Calma, o final feliz já vai chegar!

A ambulância chegou ao hospital quase uma hora depois, quando a hemorragia estava quase incontrolável. Aninha, desacordada, ostentava uma expressão de anjinho triste. Tal rostinho cativante teria emocionado o médico de plantão na emergência, mas ele estava tão preocupado com as discussões com a sua esposa que não tratou da menina como deveria.

Uma hora depois é declarada a hora da morte. Aninha morre em razão de uma hemorragia interna. Como no hospital ninguém soube informar seu nome, foi enterrada como indigente. Sua mãe nunca mais soube dela. Os velhinhos nunca mais ouviram sua vozinha doce contar histórias.

Final feliz? Enganei vocês, otários.



Estorinha de mau gosto, eu sei. O caso é que, um dia desses, eu me peguei pensando no que aconteceria se um narrador mentisse. E eu não estou me referindo aqui àqueles narradores personagens que têm uma alma e são plenamente capazes de mentir. Mas imagine um daqueles narradores impessoais, que parecem contar verdades universais, mentindo!

Não precisam imaginar, afinal, vocês, queridos leitores, já leram a história da pobre menina Aninha.

Existem dias espécies de narração: a narração em primeira pessoa – em que o narrador, por mais que conte um fato ocorrido com outrem, está obviamente demonstrando um ponto de vista, uma visão parcial, a visão dele. Outro tipo de narração, a mais clássica, é daquele narrador em terceira pessoa que não assume uma forma humana, mais parece com uma voz que conta verdades, que invade a cabeça de todos, lê todos os pensamentos, onisciente, onipresente, o narrador todo poderoso.

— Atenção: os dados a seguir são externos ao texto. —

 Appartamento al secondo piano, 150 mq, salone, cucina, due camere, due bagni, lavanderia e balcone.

Pois bem, a leitura desse segundo narrador parte do pressuposto que há uma verdade a ser lida, ou seja, que há uma versão da história que é absolutamente verdadeira. Afinal, ninguém nunca se perguntou se a pele da Branca-de-Neve era tão pálida assim, ou se o narrador estava só exagerando. Ninguém nunca parou pra pensar se o sapatinho da cinderela era mesmo de cristal – poderia ser de madeira ou de tecido, só que o narrador teria dito cristal para deixar o conto de fadas mais charmoso. Nunca vi ninguém se questionar se o Harry Potter era mesmo tão bonzinho daquele jeito ou só fazia o tipo. Afinal, todos os desculpariam se ele fosse um garoto problemático, mas o narrador pode ter achado que uma versão mais bondosa seria mais adequada...

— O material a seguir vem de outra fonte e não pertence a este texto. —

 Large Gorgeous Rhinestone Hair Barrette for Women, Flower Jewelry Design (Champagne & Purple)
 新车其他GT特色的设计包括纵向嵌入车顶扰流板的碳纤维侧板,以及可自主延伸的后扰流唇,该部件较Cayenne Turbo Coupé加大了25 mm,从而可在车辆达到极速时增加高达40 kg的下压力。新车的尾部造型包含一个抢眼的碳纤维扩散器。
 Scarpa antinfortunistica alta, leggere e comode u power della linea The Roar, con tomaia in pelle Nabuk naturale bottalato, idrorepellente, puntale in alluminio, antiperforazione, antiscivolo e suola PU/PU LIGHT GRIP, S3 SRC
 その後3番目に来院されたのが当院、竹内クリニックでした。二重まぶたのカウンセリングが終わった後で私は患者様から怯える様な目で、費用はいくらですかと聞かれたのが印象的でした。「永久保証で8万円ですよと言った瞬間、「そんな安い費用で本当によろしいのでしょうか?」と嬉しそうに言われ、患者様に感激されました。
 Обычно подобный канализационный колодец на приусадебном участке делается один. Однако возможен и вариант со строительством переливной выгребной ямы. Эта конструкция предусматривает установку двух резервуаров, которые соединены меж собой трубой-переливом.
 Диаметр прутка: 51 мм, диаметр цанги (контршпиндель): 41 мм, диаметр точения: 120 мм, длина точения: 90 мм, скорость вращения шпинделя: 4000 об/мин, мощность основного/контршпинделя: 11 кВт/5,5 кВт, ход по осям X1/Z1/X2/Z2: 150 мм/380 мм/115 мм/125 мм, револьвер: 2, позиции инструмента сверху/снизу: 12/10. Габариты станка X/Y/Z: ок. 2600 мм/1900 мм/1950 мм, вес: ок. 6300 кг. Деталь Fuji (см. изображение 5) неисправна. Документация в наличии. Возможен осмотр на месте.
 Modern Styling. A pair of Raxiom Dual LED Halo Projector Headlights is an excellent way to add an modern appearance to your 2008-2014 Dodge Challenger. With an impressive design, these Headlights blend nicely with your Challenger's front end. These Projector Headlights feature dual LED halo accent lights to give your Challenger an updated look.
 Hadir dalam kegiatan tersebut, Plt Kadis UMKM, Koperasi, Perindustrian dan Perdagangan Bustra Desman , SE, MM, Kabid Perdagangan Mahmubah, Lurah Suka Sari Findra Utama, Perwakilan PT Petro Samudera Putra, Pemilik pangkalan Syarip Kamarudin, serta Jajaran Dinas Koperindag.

Claro, pacientes leitores, que a mentira do narrador da nossa estorinha foi um belo de um exagero. Mas, parem pra pensar: se ele mentiu quanto ao fim da estória, poderia ter mentido sobre qualquer coisa. Aninha poderia ser muito mau caráter, poderia maltratar os velhinhos ou freqüentar o asilo só para paquerar com um enfermeiro... Aliás, Aninha poderia ser bem feia, sem os olhos azuis e o cabelo loiro. Mas, mesmo com tudo isso, nada impediria de o narrador continuar achando sobre ela tudo o que ele disse. Tudo, meus queridos leitores, continuaria sendo o que sempre foi: uma versão.

Não há ‘A’ verdade nem na ficção nem na realidade. A diferença é que na ficção os fatos nascem na cabeça do escritor então não há outra testemunha para dar uma segunda versão.

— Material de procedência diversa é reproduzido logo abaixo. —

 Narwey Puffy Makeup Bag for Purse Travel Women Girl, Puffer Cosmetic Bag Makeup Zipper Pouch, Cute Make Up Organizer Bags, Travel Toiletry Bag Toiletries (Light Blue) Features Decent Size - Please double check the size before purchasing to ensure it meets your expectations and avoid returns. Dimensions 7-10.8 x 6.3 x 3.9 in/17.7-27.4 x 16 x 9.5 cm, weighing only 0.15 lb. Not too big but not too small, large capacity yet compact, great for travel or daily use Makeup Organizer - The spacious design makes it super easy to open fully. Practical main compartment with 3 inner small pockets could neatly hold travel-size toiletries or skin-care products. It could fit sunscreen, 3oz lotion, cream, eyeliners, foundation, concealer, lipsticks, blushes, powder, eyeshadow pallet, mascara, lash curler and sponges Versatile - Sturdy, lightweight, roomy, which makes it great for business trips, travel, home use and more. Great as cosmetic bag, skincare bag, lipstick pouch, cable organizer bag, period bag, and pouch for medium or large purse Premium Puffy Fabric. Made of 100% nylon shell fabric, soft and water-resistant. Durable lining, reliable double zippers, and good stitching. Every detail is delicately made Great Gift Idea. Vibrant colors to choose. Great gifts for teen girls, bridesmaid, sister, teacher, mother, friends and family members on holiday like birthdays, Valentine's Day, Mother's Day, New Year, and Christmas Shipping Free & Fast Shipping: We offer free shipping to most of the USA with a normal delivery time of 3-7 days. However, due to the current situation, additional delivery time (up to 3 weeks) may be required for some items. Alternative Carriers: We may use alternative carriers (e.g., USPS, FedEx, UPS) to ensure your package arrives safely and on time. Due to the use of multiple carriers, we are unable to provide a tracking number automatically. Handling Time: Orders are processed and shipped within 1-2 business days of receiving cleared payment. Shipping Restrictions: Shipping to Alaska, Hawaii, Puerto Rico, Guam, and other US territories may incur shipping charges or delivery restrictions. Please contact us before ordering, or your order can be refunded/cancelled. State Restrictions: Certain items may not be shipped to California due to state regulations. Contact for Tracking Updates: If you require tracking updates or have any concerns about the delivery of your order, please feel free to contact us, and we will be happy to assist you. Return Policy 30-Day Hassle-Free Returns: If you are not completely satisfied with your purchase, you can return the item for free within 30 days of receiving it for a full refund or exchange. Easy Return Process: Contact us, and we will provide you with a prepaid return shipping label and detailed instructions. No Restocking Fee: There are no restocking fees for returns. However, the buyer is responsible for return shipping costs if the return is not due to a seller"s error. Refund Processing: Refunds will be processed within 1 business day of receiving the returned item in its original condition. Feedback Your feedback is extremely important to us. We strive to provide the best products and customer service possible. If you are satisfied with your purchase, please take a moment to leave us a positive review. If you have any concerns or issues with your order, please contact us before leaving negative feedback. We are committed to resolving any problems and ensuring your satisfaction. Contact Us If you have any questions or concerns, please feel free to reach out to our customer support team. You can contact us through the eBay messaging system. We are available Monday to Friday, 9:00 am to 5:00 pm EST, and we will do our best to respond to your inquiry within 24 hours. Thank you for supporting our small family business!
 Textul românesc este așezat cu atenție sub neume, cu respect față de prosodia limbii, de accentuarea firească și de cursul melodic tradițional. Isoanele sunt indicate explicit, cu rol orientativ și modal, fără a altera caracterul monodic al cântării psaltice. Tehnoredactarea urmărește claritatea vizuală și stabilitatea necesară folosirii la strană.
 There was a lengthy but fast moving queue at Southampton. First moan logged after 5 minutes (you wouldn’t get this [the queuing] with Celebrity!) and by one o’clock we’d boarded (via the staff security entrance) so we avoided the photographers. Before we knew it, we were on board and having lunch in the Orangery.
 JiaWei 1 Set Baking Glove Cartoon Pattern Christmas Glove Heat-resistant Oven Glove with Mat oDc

Na vida, as coisas são um pouquinho diferentes.

Nós temos todo o direito de achar algo: somos seres humanos autônomos, capazes e com neurônios. Ou seja, nós, uma hora ou outra, vamos, invariavelmente, ter uma opinião sobre algo. Mas não somos narradores solitários: sua mãe vai ver as coisas diferentemente, pensando de maneira ‘x’, já seu pai vai pensar de uma forma ‘y’ só dele, sua avó vai chegar à conclusão ‘w’, seu colega de turma vai achar ‘z’, seu chefe vai cismar que é da forma ‘h’, seu namorado vai bater o pé e vai dizer que é ‘j’...

E o mundo vai seguir como sempre foi, repleto de diversidade. Só não podemos decidir brigar com todos os que pensam - um pouquinho que seja - diferente (ou aprisioná-los em guetos, exterminá-los, invadir as fronteiras de seus países). Se decidirmos fazer isso, estaremos comprando briga com o resto do mundo.

Afinal, por mais que ‘b’ pareça com ‘d’, leitores amados, ainda vão ser opiniões diferentes aqui ou ali.

Paremos então de ouvir nossas vozes como se fossem narradores solitários, donos da verdade inquestionável. Seria muito mais sensato enxergar-nos como narradores personagens atrevidos, dando pitaco numa história imensa, tão gigante que nem mesmo nós conseguimos concebê-la em sua totalidade.